-- Data provided follows --
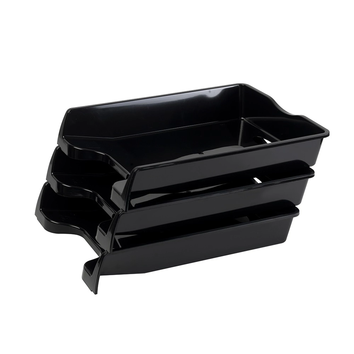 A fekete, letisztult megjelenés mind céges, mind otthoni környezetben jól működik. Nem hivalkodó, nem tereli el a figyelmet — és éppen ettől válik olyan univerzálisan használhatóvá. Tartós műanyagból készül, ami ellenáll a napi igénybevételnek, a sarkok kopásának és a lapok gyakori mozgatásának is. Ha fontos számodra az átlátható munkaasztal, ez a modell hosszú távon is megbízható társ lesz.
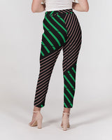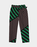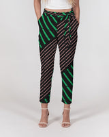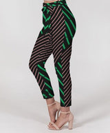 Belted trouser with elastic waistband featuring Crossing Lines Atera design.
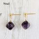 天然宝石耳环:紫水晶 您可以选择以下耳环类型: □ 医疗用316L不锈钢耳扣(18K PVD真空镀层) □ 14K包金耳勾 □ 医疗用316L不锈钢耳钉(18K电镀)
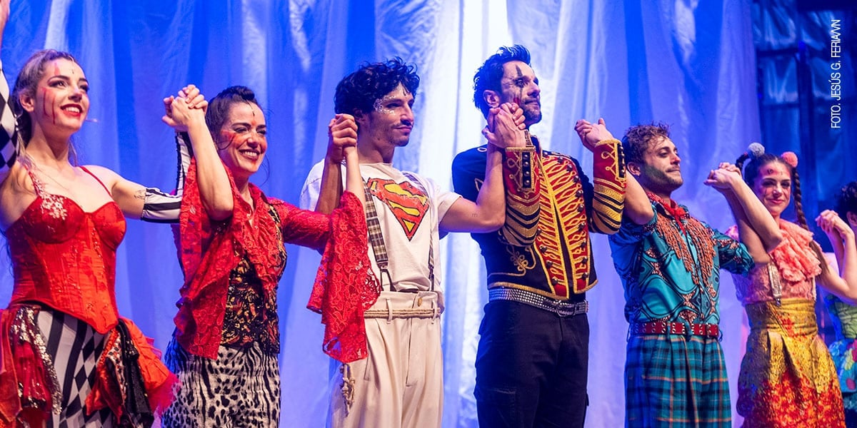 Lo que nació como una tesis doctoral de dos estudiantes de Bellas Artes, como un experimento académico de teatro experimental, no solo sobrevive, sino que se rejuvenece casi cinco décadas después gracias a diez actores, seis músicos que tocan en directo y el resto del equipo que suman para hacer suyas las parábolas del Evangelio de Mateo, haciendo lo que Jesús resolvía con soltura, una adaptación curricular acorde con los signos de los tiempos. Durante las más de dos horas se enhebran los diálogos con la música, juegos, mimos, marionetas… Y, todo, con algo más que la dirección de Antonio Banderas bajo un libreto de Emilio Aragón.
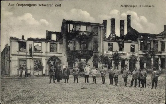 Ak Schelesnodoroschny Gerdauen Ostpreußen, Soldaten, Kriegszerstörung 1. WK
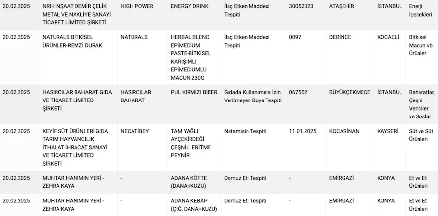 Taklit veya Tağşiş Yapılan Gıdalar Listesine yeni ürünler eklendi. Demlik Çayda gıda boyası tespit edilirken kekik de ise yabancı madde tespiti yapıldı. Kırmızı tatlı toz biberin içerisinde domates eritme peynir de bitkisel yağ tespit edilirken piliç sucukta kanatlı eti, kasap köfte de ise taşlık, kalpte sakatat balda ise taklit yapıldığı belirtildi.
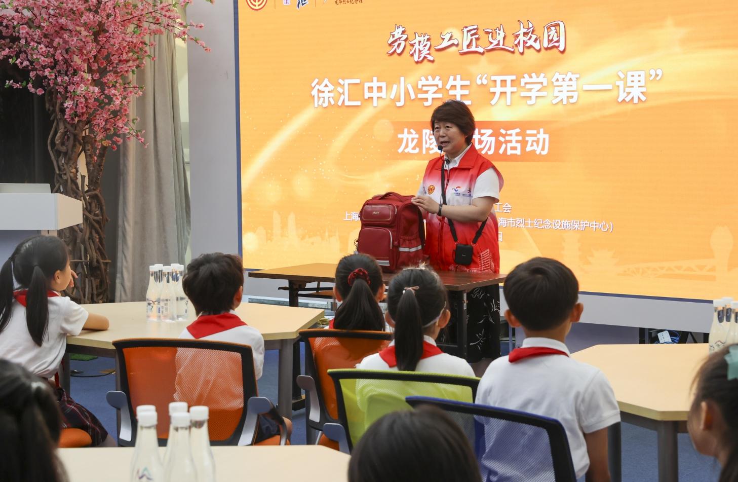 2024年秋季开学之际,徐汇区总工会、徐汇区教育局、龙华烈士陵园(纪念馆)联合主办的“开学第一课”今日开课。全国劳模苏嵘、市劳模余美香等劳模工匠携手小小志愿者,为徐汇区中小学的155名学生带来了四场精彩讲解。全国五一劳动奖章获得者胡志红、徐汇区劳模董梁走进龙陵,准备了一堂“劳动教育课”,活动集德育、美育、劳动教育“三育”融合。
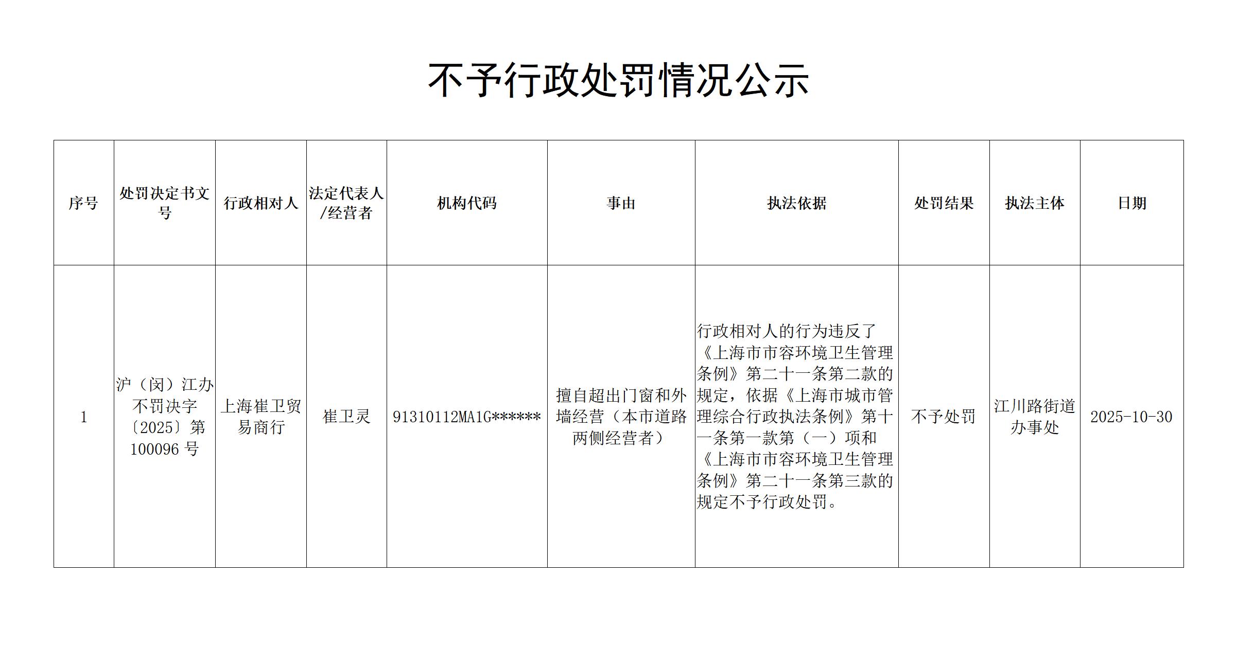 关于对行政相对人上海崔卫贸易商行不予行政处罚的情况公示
-- Data provided concluded --
-- Data provided follows --
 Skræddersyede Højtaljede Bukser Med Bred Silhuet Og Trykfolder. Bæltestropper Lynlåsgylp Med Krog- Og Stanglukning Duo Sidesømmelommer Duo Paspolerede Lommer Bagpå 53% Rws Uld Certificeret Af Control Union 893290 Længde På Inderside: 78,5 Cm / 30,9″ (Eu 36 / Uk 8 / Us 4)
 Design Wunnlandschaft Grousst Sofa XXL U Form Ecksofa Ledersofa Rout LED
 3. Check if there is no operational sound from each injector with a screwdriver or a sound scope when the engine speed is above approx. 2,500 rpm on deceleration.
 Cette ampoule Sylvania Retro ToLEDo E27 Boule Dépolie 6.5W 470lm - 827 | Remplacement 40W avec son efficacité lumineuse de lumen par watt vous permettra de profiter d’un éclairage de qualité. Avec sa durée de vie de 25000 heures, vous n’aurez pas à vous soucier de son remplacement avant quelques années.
-- Data provided concluded --
▶ [How to complete this task]:
All that should be printed is the run of lines above from the one with "Lo que nació" through the one with "关于对行政相对人上海崔卫贸易商行不予行政处罚的情况公示", both included, exactly as given, with pictures left out.

▶ [Result of this exercise]:
 Lo que nació como una tesis doctoral de dos estudiantes de Bellas Artes, como un experimento académico de teatro experimental, no solo sobrevive, sino que se rejuvenece casi cinco décadas después gracias a diez actores, seis músicos que tocan en directo y el resto del equipo que suman para hacer suyas las parábolas del Evangelio de Mateo, haciendo lo que Jesús resolvía con soltura, una adaptación curricular acorde con los signos de los tiempos. Durante las más de dos horas se enhebran los diálogos con la música, juegos, mimos, marionetas… Y, todo, con algo más que la dirección de Antonio Banderas bajo un libreto de Emilio Aragón.
 Ak Schelesnodoroschny Gerdauen Ostpreußen, Soldaten, Kriegszerstörung 1. WK
 Taklit veya Tağşiş Yapılan Gıdalar Listesine yeni ürünler eklendi. Demlik Çayda gıda boyası tespit edilirken kekik de ise yabancı madde tespiti yapıldı. Kırmızı tatlı toz biberin içerisinde domates eritme peynir de bitkisel yağ tespit edilirken piliç sucukta kanatlı eti, kasap köfte de ise taşlık, kalpte sakatat balda ise taklit yapıldığı belirtildi.
 2024年秋季开学之际,徐汇区总工会、徐汇区教育局、龙华烈士陵园(纪念馆)联合主办的“开学第一课”今日开课。全国劳模苏嵘、市劳模余美香等劳模工匠携手小小志愿者,为徐汇区中小学的155名学生带来了四场精彩讲解。全国五一劳动奖章获得者胡志红、徐汇区劳模董梁走进龙陵,准备了一堂“劳动教育课”,活动集德育、美育、劳动教育“三育”融合。
 关于对行政相对人上海崔卫贸易商行不予行政处罚的情况公示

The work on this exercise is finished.